Technical committees focusing on message protection



November 21, 2007 — 
As the use of service-oriented architecture has risen in recent years, there has been a much greater focus on tightening the security of Web services.

Since Web services are message-driven, it is necessary to protect message contents. But absent a military-grade secure connection, something has to protect messages as they move through intermediaries.

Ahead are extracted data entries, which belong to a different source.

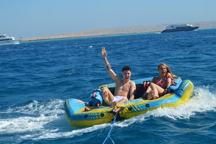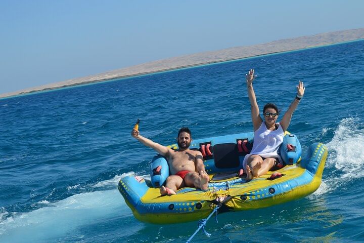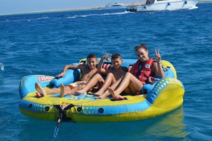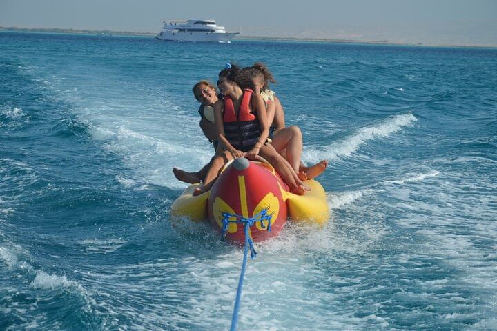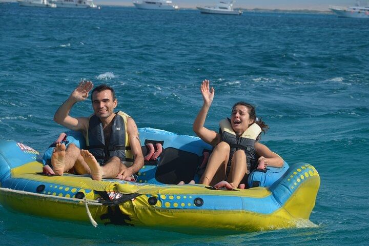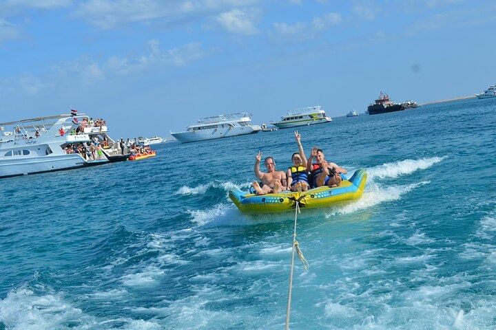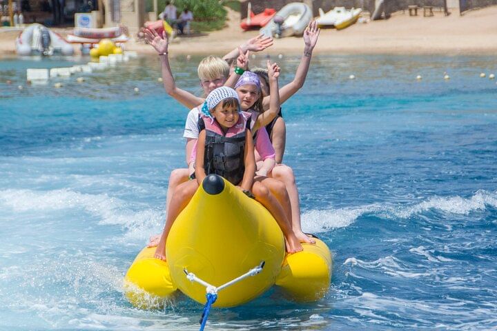 Your experience begins with a relaxed hotel pickup in a private, air-conditioned vehicle. At the beach, the action starts with a thrilling banana boat ride—hold on tight as you glide across the Red Sea, bouncing over the waves and sharing laughs with friends or family.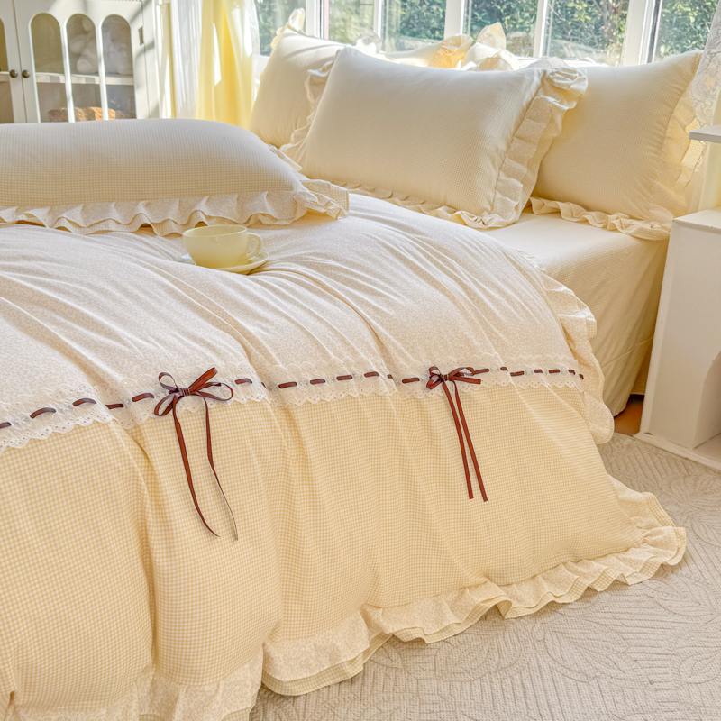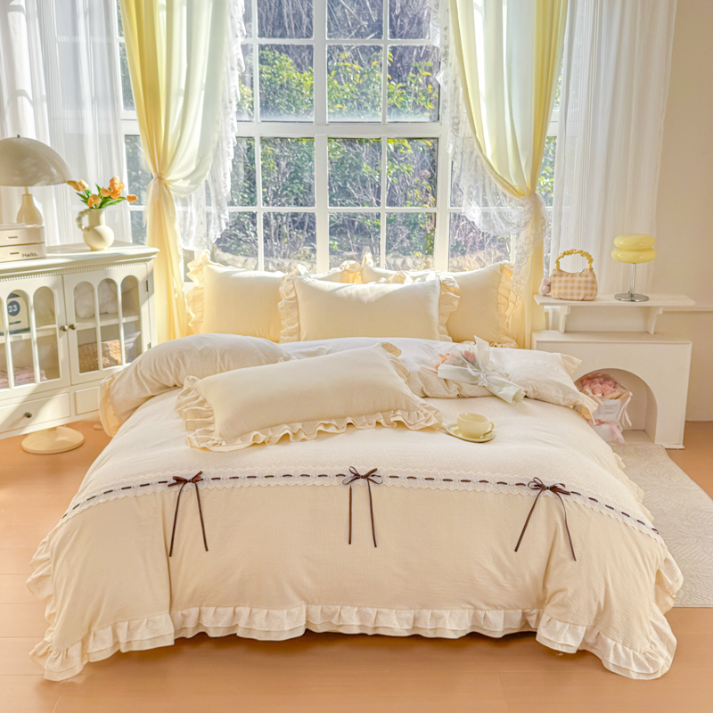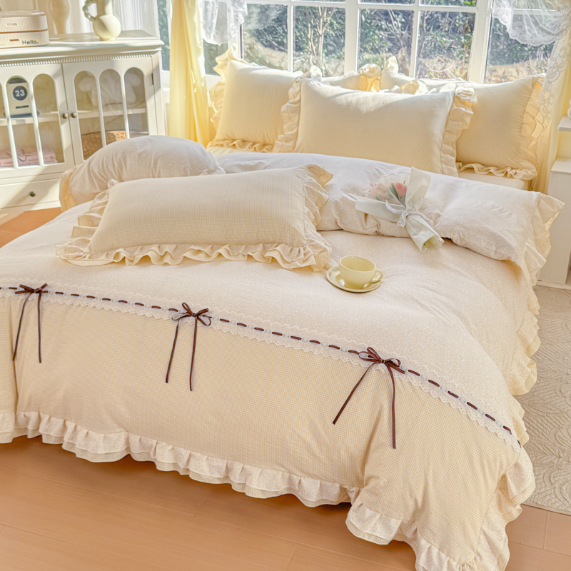 赛丽雅 2026年新款直播爆款双层花边拼接蝴蝶结工艺款四件套床上用品 南法假日-姜黄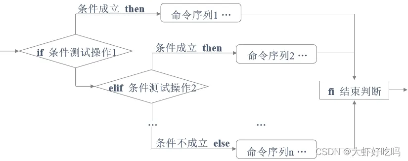 首先判断条件测试操作1的结果,如果条件1成立,则执行命令序列1,然后跳至fi结果结束判断;如果条件1不成立,则继续判断条件测试操作2的结果,如果条件2成立,则执行命令序列2,然后跳至fi结束判断......(可以有n个条件测试操作和命令序列)如果所有的条件都不满足,则执行else后面的命令序列n,直到遇见fi结束判断。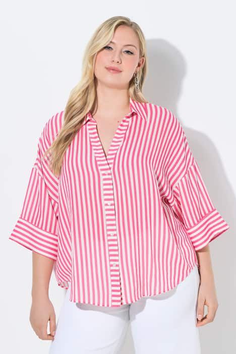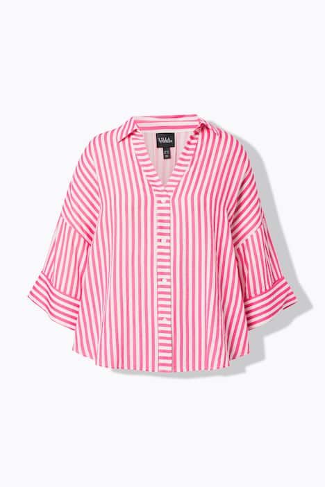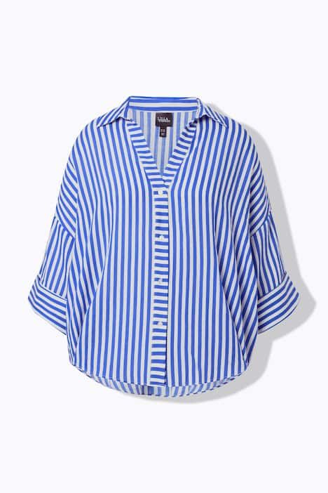 Chemisier oversize à rayures, encolure en V et manches 3/4

The Organization for the Advancement of Structured Information Standards (OASIS) has been developing a number of specifications to help secure message-driven Web services.

There are two active technical committees within the OASIS group dealing with Web services. One is the Web Services Secure Exchange, which manages the WS-Trust, WS-SecureConversation and WS-SecurityPolicy specifications. The other is WS-Federation, which only set up shop in June. The comparatively veteran Web Services Secure Exchange (WS-SX) was started in January 2006, to enable trusted SOAP message exchanges and to define security policies that govern the formats of such messages, and remains busy.

“We’re going through a second set of revisions: things that we didn’t have time to do in the first release, issues that had come up,” said Anthony Nadalin, chief security architect of IBM and technical committee member of WS-SX.

Protecting the Message
WS-Trust was updated in March, and uses tokens to protect messages. It includes a protocol that tells how to get tokens or how to use them to protect messages.

WS-SecureConversation, also updated in March, is used in conjunction with other Web service and application-specific protocols to accommodate security models and technologies. It is built on top of WS-Security to provide secure communication between services.

WS-SecurityPolicy, updated in December 2006, describes policy languages that can be applied to messages. Such languages can protect the integrity of messages, and describe the protection mechanism of Web services. Vendors can then query that policy and determine if they can abide by that policy.

WS-Federation, meanwhile, is the newest spec to hit the OASIS drawing board. Building upon the three specs that make up WS-SX, WS-Federation is meant to help implement identity federation in a Web services environment. “As we get more and more collaborative, we need ways that people can be authenticated to another domain, without having to go through the actual provisioning of the user of that domain,” Nadalin said. “The whole concept behind federation is allowing other parties or Web sites to be able to accept credentials from another party.”

Another way to ensure the security of Web services is to limit access. “You have to put in place some sort of authentication and authorization piece,” said John Carmichael, a security engineer and trainer with Security Innovation, an application security company. “There’s a couple of different ways of doing that. You can do Security Assertion Markup Language [SAML] and then Extensible Access Control Markup Language [XACML], which both give proper authentication and authorization, to determine what people are and aren’t supposed to do within Web services.”

Nadalin said that OASIS has technical committees for XACML and SAML. Both markup schemes, although not Web services as such, have their place in defining authorization and entitlement policies.